Restoration or reformation?

By May 3, 2008Uncategorized

Published in the 03 May 2008 issue of the Daily Times

http://www.dailytimes.com.pk/default.asp?page=2008%5C05%5C03%5Cstory_3-5-2008_pg3_5

Taimur Malik

The electoral results are a warning to the political forces that if they don’t deliver on their promises this time their fate won’t be any different from that of the PMLQThe suspension of Chief Justice Iftikhar Muhammad Chaudhry by President General Pervez Musharraf on March 9, 2007 started what has come to be popularly termed Pakistan’s black revolution. To quote eminent legal scholar Anne-Marie Slaughter, “in a world of colour revolutions, Pakistan’s was clothed in the sober hues of the law”.

 

The lawyer’s movement across the country and a courtroom battle led to Justice Chaudhry’s reinstatement as the chief justice on July 20, 2007. However, the fear of the unknown led to the imposition of emergency on November 3, 2007, heralded by the sacking of the majority of the superior judiciary, including the chief justice. The reasons for this may be many and varied but the general public believes only one: avoidance of unfavourable decisions by the presidency in important cases pending before the supreme court of Pakistan.

Nawaz Sharif’s PMLN made the restoration of the judiciary its main agenda point for the general elections and emerged as the second largest political force in the parliament. It joined hands with the single-largest party, the PPP, to form a coalition government and announced that judges would be restored within 30 days of the formation of the federal government. The self-imposed 30-day deadline passed on April 30, with no restoration in sight and the fate of the coalition government in doubt.

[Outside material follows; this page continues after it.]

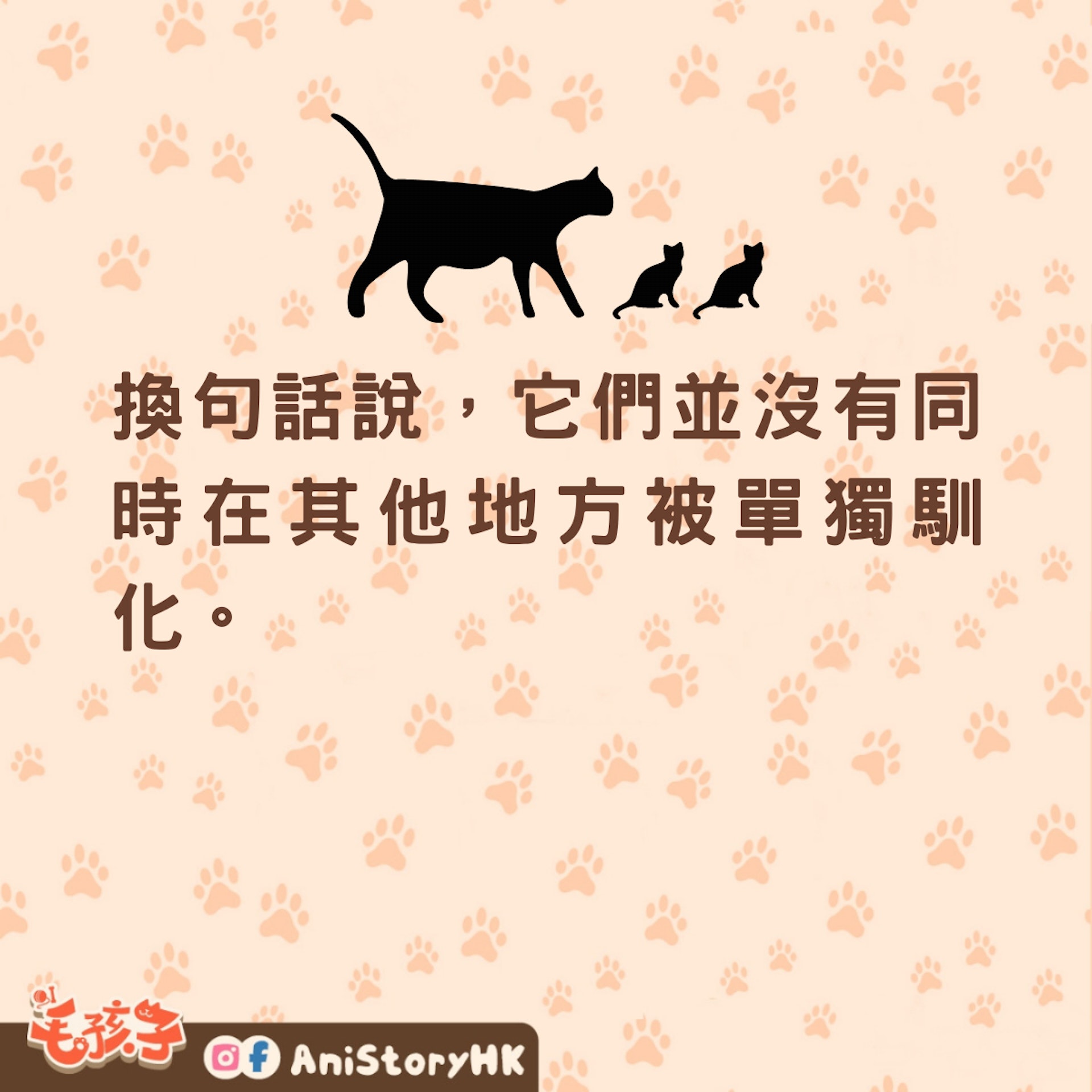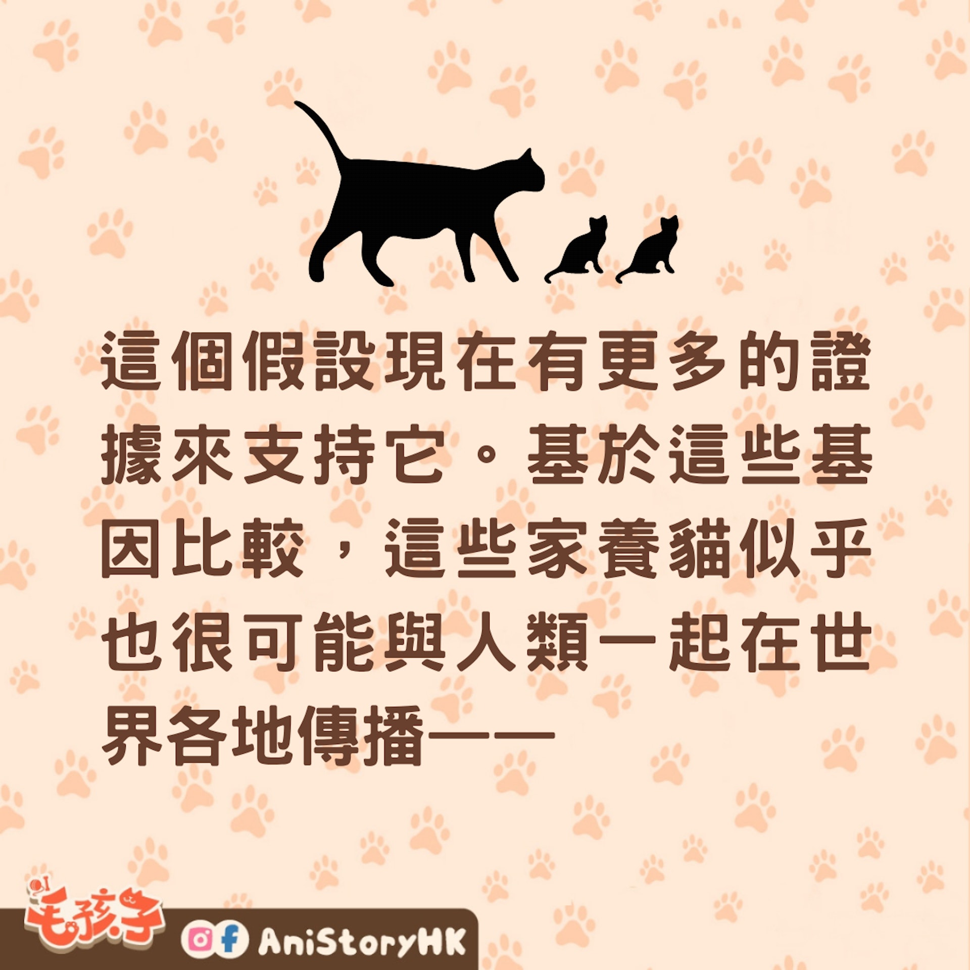 這個假設現在有更多的證據來支持它。基於這些基因比較,這些家養貓似乎也很可能與人類一起在世界各地傳播—— 換句話說,它們並沒有同時在其他地方被單獨馴化。

One of the most contentious issues being deliberated among the coalition partners is the demand by some political actors that the tenure of the chief justice be fixed for a certain number of years. The PMLN and the legal fraternity are not willing to discuss this issue at the moment as any such move would be seen as a presidency-led conspiracy to shorten Justice Chaudhry’s stay as the chief justice and will be hugely unpopular.

Moreover, there is also discussion of a minus x formula under which the restoration of the judiciary would be subject to the exclusion of certain judges from the new judicial set-up.

Important questions also remain regarding the fate of the judges appointed since November 3 to fill the vacancies created by the departure of the deposed judges. Will they remain judges of the superior judiciary and work alongside the restored judges? And how will the incumbent chief justice and his judges respond to any attempt by the government to reinstate the deposed judges?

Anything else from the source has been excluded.